▶ _What is needed_
Across the entries below, count the lines in which the word "life" occurs. Reply with the count alone.

....

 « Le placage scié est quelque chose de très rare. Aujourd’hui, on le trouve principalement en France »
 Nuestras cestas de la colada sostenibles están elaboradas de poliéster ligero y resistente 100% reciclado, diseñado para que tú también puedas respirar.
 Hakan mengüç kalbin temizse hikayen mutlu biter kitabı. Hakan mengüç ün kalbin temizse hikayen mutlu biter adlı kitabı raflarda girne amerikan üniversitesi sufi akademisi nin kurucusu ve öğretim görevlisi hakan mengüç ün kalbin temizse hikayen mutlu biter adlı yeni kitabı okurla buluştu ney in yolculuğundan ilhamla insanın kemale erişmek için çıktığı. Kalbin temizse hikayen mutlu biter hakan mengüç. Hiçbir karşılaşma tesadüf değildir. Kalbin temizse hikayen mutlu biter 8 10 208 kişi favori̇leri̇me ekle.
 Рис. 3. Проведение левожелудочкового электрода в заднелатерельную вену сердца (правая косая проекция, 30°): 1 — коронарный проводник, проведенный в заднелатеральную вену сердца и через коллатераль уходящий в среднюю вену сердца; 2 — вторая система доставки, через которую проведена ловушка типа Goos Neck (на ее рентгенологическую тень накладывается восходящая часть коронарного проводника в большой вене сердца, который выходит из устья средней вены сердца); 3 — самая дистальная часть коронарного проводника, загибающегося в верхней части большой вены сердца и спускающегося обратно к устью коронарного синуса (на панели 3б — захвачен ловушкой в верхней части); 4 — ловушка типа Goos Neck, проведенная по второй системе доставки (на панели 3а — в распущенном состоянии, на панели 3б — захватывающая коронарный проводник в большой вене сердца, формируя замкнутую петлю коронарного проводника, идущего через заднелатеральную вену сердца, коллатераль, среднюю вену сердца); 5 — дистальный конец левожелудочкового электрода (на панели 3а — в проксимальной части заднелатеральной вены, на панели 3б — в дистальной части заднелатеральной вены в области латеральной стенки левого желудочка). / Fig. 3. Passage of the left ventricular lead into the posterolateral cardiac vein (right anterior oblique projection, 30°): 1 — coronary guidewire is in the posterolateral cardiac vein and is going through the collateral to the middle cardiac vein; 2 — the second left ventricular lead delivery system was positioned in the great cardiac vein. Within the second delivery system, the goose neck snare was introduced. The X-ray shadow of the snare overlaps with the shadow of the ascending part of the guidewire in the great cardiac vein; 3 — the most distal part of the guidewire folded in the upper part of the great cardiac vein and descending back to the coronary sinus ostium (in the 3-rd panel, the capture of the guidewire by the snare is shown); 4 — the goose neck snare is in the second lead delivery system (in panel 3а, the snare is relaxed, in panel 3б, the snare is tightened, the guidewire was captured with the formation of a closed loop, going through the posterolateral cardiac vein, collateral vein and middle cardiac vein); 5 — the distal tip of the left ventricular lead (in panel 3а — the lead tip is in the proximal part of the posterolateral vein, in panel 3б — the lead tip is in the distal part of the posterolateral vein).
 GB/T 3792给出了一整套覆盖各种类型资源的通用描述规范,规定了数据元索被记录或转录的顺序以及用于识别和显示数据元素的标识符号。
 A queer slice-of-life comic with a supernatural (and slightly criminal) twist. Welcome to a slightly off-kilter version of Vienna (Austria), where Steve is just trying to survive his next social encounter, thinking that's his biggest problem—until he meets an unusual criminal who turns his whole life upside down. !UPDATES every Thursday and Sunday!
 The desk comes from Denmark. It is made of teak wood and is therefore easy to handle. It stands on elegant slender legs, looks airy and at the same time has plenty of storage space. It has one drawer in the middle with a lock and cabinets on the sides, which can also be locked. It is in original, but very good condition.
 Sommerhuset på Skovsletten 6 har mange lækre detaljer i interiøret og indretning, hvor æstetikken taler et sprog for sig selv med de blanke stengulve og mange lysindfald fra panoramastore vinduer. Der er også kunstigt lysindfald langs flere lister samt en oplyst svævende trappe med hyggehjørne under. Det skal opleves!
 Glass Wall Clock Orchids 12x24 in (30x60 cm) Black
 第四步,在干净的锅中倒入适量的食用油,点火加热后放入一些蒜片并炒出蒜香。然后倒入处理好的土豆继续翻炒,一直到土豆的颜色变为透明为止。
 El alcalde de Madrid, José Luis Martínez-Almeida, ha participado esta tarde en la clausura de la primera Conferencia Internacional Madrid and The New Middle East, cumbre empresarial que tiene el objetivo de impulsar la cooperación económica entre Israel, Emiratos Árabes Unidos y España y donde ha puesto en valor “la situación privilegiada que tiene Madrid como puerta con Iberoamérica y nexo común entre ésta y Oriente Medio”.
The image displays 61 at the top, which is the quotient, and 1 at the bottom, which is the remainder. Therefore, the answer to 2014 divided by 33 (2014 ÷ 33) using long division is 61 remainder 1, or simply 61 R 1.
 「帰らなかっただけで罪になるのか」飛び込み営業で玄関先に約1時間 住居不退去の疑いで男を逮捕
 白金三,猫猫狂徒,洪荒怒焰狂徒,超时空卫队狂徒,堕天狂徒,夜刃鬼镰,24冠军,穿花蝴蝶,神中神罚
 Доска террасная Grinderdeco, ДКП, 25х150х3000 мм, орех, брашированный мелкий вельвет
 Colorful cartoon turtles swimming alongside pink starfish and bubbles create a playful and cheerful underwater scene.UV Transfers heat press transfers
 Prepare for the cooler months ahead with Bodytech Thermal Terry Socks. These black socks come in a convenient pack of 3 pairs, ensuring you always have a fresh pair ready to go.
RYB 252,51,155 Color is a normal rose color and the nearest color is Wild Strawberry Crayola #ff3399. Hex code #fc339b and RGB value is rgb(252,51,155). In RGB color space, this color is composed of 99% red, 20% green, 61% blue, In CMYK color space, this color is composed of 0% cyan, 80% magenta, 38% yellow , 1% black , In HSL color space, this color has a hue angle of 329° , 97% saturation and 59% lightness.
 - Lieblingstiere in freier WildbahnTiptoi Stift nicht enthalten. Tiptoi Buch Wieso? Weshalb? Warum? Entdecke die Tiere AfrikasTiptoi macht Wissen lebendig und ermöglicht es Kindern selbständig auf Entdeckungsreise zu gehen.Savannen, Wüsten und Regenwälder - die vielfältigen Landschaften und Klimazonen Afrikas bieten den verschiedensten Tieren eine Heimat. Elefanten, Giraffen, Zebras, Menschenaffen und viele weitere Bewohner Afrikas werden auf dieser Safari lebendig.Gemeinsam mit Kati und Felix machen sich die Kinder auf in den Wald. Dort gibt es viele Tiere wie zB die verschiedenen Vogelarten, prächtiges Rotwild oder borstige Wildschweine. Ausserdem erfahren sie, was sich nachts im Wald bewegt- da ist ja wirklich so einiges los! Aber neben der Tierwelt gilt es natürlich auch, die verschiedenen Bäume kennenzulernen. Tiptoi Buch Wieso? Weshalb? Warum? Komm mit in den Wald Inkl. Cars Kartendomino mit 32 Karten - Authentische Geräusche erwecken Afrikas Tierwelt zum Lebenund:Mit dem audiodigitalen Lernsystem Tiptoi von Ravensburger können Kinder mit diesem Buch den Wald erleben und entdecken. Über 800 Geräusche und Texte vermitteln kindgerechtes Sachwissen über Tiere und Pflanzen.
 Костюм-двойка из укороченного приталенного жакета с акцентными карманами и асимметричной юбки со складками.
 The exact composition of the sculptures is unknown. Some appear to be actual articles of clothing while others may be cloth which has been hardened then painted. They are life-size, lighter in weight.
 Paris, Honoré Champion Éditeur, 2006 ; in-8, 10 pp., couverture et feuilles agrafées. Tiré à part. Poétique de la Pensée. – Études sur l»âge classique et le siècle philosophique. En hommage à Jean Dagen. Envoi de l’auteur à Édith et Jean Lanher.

....

▶ _Solution for this exercise_
2